Amerika Birleşik Devletleri, Avrupa ve diğer Batılılaşmış ekonomiler üzerinde süper güç statüsüne sahip olduğu ve dünya altınının çoğunu elinde tuttuğu için, ABD doları hala altına sabitlendi. Bu, ABD dolarını fiilen bir dünya para birimi haline getirdi, ancak diğer ülkelerin merkez bankaları, dolarlarını ABD’den ons başına 35 dolardan altın için yine de kullanabiliyorlardı. Diğer ülkeler tarafından kullanılan birincil para rezervi olarak dolarlara olan uluslararası talep, ABD Merkez Bankası’nın yurt içi büyümeyi teşvik etmek ve federal borcu daha az yurt içi fiyat enflasyonu riski ile sübvanse etmek için genişlemeci para politikasına girmesine izin verdi.

Bununla birlikte, 1960’larda küresel finans piyasalarında giderek artan dolar arzı, Fed’in yerel Büyük Toplum refah harcamalarını finanse etmek için dolar arzını artırması nedeniyle dünya altının fiyatı ile Fed’deki itfa değeri arasında bir uyumsuzluğa yol açtı. ve Vietnam Savaşı. Bu tutarsızlık sonunda Bretton Woods sisteminin çökmesine neden oldu çünkü yabancı bankalar aşırı değerli dolarlarını 35 dolardan altın için kullandılar.

Altın Pencerenin Kapatılması

Para birimlerini ve emtiaları değişken para birimleri karşısında parasal rezerv olarak tutmaya yönelik mevcut sistem, 1971-73 tarihlerindendir. O sırada Başkan Richard Nixon, yabancı hükümetler tarafından ABD dolarının aşırı miktarda altın için kullanılması ve ABD’nin altın rezervlerinin tükenmesi olasılığına cevaben ABD dolarının altına çevrilebilirliğini sona erdirdi. Bu, doların ve diğer ulusal para birimlerinin altına olan son resmi bağını kopardı. O zamandan beri, kağıt Federal Rezerv senetleri ve banka mevduatları, farklı Federal Rezerv senetleri dışında başka bir şey için bankalarda kullanılamaz.

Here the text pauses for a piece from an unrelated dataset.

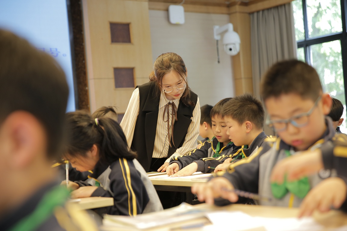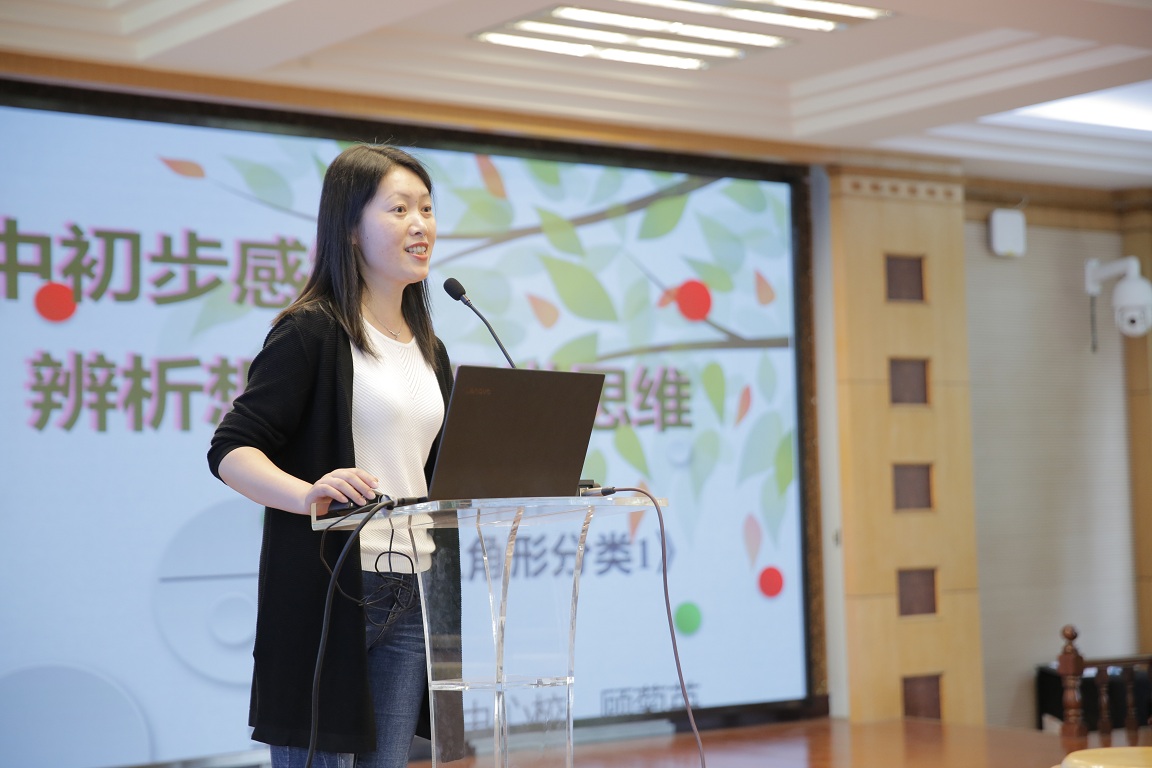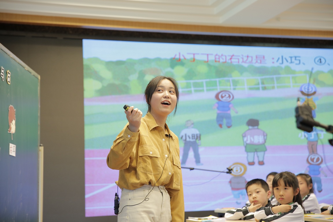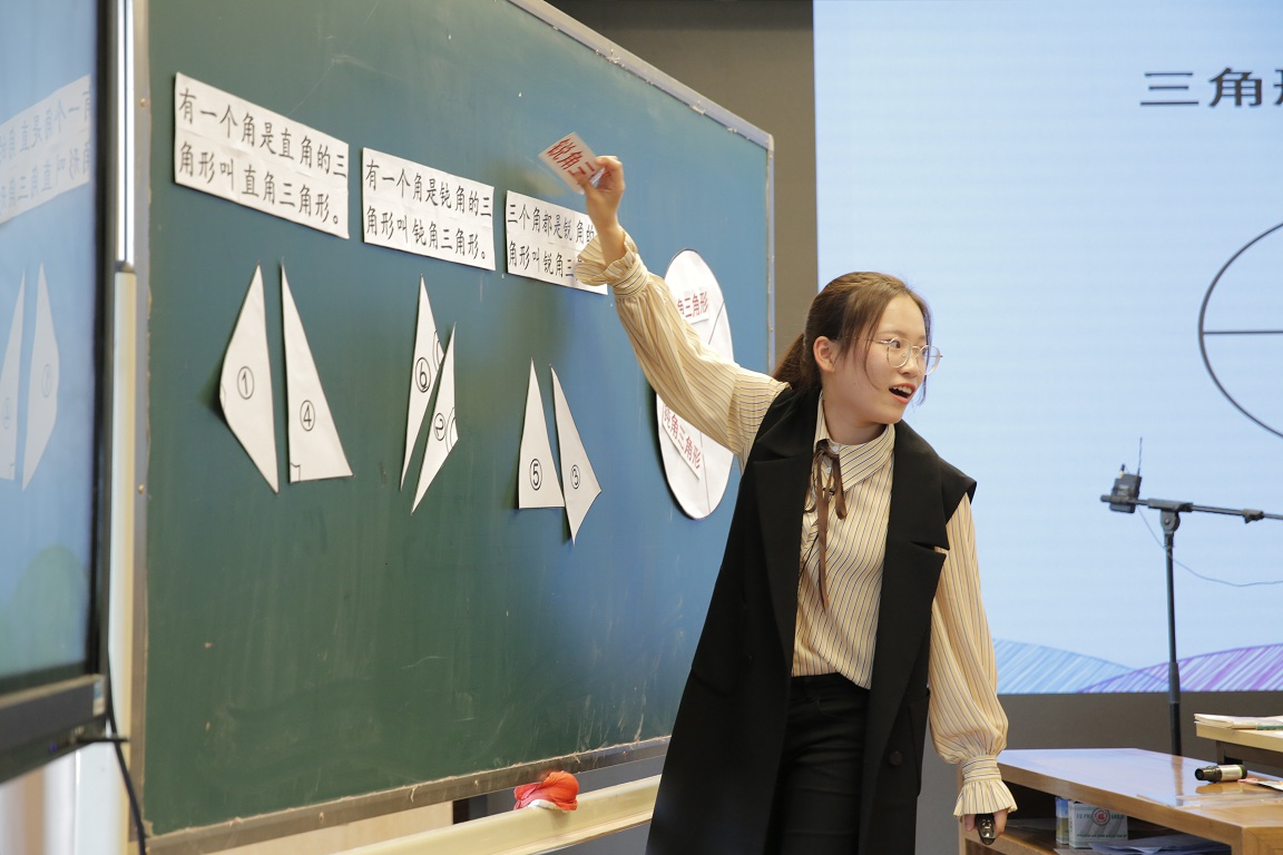 本次活动先由江湾中心校的两位青年教师朱佳欢老师和倪雪老师进行了课堂实践。两位老师分别执教了两堂《图形与几何》模块的内容:一年级的《左和右》和二年级的《三角形的分类》。

1971’den itibaren merkez bankaları ve dünya çapındaki diğer para otoriteleri, parasal rezerv olarak yabancı para birimleri ve devlet borcunun bir karışımını elinde tuttu. Bugünkü parasal rezervler, gerçekten yararlı veya değerli herhangi bir emtia yerine gelecek senetler şeklinde ödeme taahhütlerini temsil eden tahviller, tahviller veya diğer finansal araçlardan oluşur. Pek çok kurum, aynı zamanda , New York Federal Rezerv Bankası’ndaki saklama kasalarında, yurt içinde veya hesaba bağlı olarak, halaaltın bulundurmaktadır, ancak bu altın varlıklarının ulusal para birimlerinin arzı veya değeriyle herhangi bir resmi veya yasal bağlantısı yoktur ve bu nedenle teknik olarak parasal rezervler değildir..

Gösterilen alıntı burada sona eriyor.